§ **Information given**
··········
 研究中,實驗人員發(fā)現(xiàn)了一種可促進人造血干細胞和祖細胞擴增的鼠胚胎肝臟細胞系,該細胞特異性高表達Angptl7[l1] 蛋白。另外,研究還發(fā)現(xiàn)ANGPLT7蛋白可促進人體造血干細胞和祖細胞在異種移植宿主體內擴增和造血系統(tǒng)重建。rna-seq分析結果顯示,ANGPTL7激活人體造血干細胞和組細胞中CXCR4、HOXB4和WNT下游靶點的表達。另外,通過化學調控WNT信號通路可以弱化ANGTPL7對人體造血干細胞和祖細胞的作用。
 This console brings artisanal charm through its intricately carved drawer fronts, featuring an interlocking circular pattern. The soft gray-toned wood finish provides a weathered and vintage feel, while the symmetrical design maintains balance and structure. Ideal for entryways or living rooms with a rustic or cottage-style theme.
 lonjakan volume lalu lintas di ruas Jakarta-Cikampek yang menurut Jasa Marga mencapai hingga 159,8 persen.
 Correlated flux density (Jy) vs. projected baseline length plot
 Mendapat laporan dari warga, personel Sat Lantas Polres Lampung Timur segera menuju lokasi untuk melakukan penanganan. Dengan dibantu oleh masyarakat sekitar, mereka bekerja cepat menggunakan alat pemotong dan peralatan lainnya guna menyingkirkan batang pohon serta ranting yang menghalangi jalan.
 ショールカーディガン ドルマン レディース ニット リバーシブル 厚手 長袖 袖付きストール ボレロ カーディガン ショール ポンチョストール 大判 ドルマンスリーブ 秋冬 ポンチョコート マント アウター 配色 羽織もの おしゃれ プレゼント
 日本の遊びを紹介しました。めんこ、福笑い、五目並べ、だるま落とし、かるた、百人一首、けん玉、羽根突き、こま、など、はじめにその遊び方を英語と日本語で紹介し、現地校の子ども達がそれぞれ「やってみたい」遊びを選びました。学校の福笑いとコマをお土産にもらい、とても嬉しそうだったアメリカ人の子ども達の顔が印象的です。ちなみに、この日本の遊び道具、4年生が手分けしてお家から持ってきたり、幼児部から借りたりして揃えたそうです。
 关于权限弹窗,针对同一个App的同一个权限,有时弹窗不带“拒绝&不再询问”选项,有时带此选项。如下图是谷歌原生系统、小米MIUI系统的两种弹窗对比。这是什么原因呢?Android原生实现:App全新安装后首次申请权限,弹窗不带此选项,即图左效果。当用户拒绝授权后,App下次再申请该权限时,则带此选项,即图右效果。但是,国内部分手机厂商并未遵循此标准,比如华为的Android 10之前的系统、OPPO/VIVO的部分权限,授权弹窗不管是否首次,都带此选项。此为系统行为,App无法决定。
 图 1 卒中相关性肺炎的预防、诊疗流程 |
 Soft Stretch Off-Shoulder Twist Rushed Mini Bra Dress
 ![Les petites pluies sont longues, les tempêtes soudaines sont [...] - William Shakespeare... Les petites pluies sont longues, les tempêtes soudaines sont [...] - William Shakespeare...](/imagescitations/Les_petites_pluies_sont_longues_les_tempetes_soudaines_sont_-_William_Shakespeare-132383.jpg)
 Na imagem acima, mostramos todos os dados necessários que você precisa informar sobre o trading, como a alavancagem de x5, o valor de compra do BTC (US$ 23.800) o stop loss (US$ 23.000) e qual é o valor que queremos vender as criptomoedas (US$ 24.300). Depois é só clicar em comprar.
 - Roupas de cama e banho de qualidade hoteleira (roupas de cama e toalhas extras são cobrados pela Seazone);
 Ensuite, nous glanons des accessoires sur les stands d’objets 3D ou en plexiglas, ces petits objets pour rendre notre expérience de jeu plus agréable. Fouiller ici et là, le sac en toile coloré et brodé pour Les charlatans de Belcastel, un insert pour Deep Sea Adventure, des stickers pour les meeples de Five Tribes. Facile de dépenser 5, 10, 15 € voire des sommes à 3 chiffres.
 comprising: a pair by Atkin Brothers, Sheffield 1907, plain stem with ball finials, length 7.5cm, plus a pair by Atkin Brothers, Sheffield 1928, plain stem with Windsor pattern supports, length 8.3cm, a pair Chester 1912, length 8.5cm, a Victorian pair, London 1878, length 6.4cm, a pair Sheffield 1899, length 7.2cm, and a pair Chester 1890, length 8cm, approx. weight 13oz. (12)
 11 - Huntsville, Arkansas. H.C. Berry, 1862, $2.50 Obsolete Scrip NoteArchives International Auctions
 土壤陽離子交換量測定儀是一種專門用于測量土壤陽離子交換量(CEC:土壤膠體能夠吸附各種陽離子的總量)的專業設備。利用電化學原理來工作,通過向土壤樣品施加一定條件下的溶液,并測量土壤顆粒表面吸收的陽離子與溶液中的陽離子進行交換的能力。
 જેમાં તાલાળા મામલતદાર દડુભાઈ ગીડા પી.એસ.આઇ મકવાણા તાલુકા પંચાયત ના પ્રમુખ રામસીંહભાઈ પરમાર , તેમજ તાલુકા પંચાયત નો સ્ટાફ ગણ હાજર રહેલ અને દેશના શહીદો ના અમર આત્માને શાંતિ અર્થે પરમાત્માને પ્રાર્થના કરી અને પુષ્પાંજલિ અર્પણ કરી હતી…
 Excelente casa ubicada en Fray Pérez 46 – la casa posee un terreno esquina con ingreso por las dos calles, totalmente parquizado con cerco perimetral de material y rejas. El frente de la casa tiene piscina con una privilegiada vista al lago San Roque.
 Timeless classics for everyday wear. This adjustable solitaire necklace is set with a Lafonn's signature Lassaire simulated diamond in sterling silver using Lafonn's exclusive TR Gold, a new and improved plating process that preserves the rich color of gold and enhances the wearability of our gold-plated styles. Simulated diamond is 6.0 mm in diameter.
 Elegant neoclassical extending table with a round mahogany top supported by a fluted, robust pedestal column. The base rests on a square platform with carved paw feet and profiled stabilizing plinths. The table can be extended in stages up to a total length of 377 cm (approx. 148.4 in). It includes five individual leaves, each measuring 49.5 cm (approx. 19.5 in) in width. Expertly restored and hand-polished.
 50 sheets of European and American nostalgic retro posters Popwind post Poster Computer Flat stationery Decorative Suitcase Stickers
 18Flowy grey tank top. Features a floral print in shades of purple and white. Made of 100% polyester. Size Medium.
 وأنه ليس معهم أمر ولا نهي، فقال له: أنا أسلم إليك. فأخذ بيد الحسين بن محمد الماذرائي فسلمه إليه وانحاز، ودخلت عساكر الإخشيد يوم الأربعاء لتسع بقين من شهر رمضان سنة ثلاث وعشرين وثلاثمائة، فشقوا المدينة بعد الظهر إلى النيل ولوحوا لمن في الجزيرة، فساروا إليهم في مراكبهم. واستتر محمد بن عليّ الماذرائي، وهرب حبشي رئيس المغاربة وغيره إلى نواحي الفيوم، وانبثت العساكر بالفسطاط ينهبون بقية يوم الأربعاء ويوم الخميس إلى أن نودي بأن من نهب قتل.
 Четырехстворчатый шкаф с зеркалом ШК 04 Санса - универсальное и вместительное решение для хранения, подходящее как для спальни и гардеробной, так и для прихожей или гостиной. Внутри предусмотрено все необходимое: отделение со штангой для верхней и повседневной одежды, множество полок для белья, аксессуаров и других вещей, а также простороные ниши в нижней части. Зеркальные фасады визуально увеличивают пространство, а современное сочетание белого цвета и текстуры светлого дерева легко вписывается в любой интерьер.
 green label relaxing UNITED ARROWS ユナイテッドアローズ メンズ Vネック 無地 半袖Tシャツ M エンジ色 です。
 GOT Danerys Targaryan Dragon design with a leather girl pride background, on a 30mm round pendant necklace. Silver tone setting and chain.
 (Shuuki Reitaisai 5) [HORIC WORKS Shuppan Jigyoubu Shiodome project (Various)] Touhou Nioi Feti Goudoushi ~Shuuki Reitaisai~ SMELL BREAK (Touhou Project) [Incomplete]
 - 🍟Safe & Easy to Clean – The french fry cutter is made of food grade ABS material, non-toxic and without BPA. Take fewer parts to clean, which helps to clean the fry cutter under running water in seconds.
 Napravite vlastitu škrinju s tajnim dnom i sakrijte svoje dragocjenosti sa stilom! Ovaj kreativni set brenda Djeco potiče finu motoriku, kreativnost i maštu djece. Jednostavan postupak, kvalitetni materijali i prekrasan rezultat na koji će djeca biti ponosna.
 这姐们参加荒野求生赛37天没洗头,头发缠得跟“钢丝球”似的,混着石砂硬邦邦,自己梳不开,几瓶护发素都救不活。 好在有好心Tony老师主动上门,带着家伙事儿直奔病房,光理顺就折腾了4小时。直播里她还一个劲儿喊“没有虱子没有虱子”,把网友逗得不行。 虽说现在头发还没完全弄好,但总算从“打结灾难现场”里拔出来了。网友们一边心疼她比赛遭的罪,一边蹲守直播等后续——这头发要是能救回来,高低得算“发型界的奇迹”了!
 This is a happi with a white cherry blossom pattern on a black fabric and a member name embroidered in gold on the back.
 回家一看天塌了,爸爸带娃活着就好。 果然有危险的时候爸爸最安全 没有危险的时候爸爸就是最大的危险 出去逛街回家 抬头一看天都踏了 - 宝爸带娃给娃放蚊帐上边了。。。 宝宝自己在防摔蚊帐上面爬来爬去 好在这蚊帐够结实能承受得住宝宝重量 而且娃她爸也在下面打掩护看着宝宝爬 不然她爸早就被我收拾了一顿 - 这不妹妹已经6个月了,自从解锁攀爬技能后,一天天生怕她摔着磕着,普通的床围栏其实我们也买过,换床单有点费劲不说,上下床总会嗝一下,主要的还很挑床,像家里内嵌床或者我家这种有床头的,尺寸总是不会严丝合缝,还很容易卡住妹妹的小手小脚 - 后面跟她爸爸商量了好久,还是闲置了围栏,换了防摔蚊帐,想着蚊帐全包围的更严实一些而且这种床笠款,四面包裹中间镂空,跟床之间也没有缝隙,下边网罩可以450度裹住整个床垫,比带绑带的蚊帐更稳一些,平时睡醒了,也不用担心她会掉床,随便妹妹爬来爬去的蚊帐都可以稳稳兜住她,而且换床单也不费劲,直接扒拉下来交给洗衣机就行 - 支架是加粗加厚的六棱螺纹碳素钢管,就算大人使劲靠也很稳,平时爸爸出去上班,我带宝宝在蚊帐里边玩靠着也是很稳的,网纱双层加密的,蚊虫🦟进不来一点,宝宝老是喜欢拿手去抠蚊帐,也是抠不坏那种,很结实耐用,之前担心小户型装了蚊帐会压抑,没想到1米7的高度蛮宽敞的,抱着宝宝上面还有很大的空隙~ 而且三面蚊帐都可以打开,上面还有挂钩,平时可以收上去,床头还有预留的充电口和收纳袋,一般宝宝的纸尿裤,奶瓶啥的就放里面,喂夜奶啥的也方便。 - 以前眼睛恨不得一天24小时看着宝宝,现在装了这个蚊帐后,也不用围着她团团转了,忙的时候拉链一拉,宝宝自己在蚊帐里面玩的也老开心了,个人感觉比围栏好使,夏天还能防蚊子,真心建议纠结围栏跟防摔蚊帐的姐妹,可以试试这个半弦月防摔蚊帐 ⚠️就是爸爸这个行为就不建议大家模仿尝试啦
··········
§ **Prompt**
In the listing above, find the line containing "This console brings" and the line containing "Correlated flux density", then quote both, plus every line between them, exactly as written.

§ **Solution to the exercise**
 This console brings artisanal charm through its intricately carved drawer fronts, featuring an interlocking circular pattern. The soft gray-toned wood finish provides a weathered and vintage feel, while the symmetrical design maintains balance and structure. Ideal for entryways or living rooms with a rustic or cottage-style theme.
 lonjakan volume lalu lintas di ruas Jakarta-Cikampek yang menurut Jasa Marga mencapai hingga 159,8 persen.
 Correlated flux density (Jy) vs. projected baseline length plot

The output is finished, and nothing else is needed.